Show HN: Beam Is the Future of Playgrounds - yk123
https://joinbeam.com/
======
piceas
I tried their tabletop Sharks! game at a McDonalds a few years ago. It was fun
and worked reasonably well although the latency was bad enough that it made
the game hard to play a times.

Hopefully/likely the newer versions are more responsive but it's hard to tell
from the marketing videos.

I'm also a fan of AR Sandbox which feels a bit more interactive because it
involves tactile manipulation rather than just point/click/tap/jumping to
trigger events.

It would be neat if a bunch of foam blocks could be tracked to allow for
cooperative sorting and building games. E.g. an egg race game(or other
balanced object projected on foam block).
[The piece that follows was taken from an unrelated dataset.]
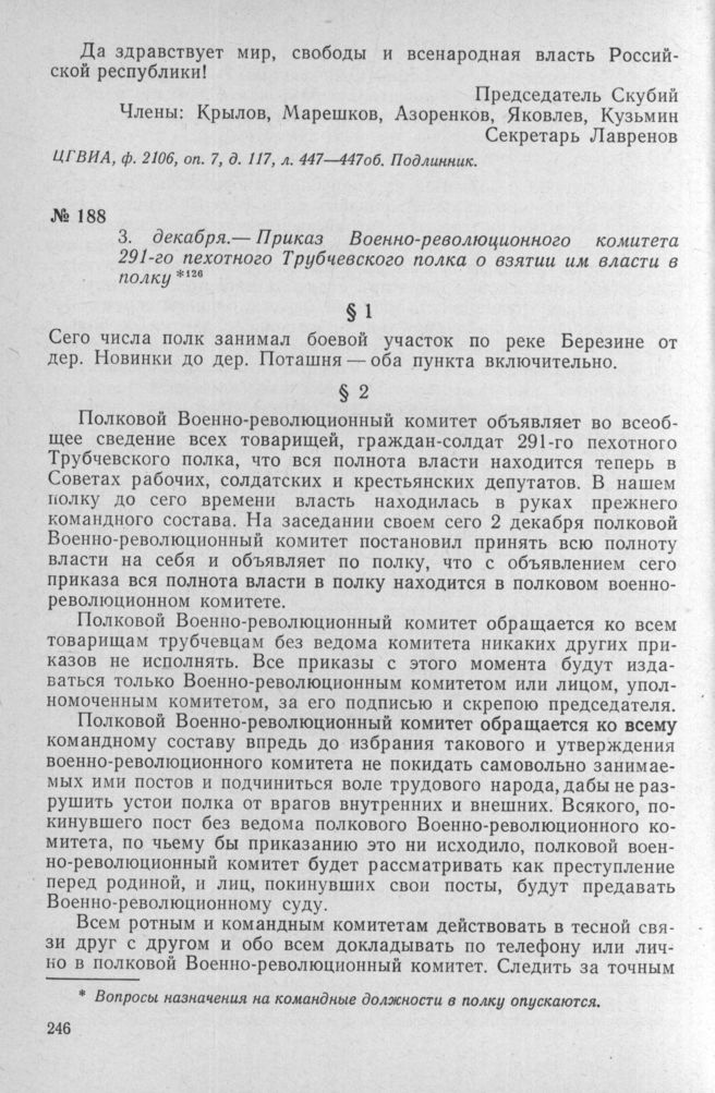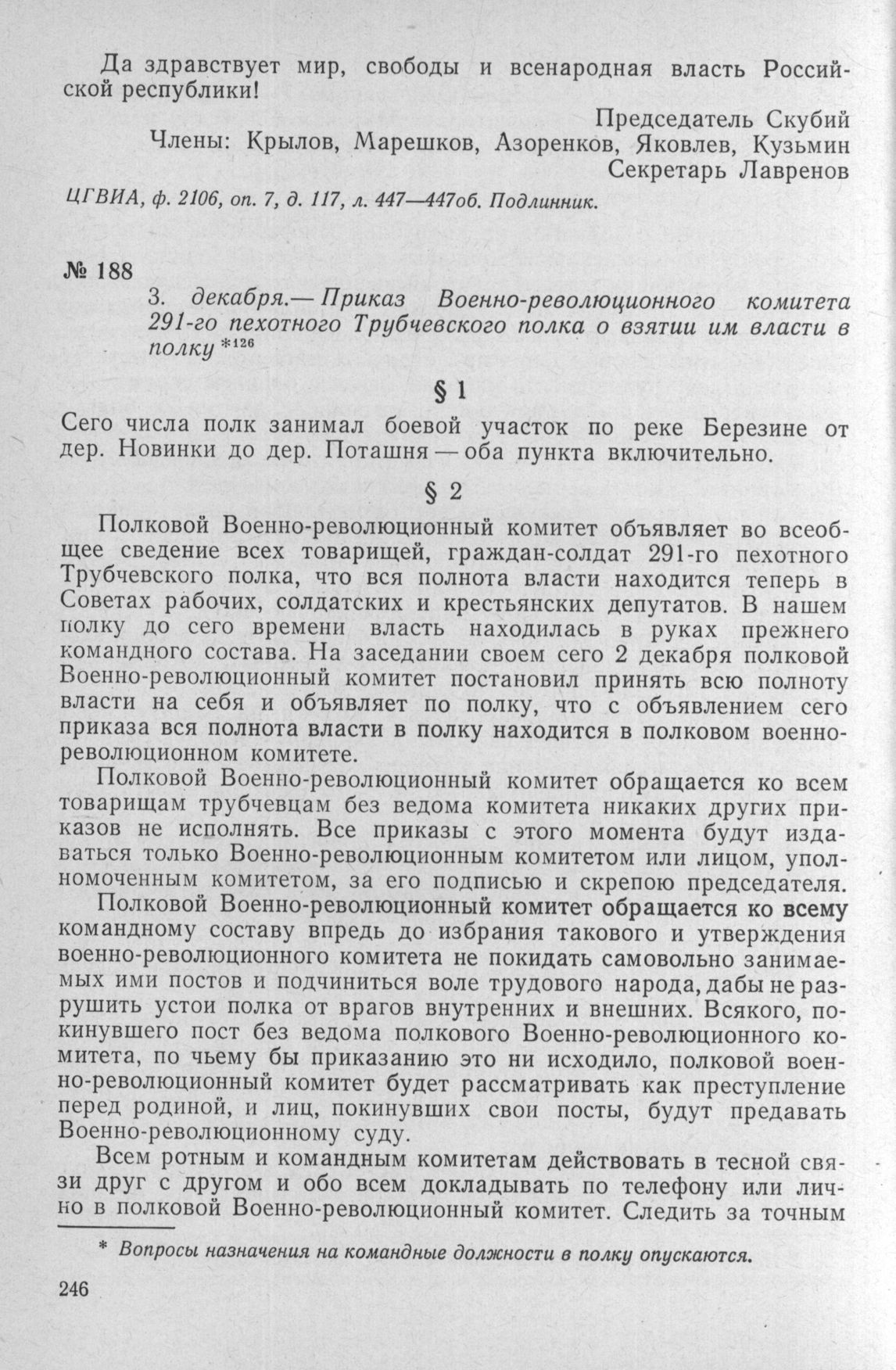 Приказ Военно-революционного комитета 291-го пехотного Трубчевского полка о взятии им власти в полку. 3 декабря 1917 г. // ЦГВИА, Ф. 2900, Оп. 1, Д. 1, Л. 5—5об. СтеклограФ.

[https://arsandbox.ucdavis.edu/](https://arsandbox.ucdavis.edu/)
[https://www.youtube.com/watch?v=CE1B7tdGCw0](https://www.youtube.com/watch?v=CE1B7tdGCw0)

------
dang
You should add a comment to the thread giving the backstory of how you came to
work on this, and explaining what's different about it. That tends to seed
discussion in a good direction.

(I'm a moderator here and normally send this suggestion by email. You should
put an email address in your profile in case we can help in some other way.)

------
quickthrower2
Interesting I’ve seen something like this in a shopping centre. Kids love it.
Although they are kids and would get bored of it eventually especially if they
see it every day. Maybe preteens and teens could get hooked if the games are
really good. Could be great for adults too!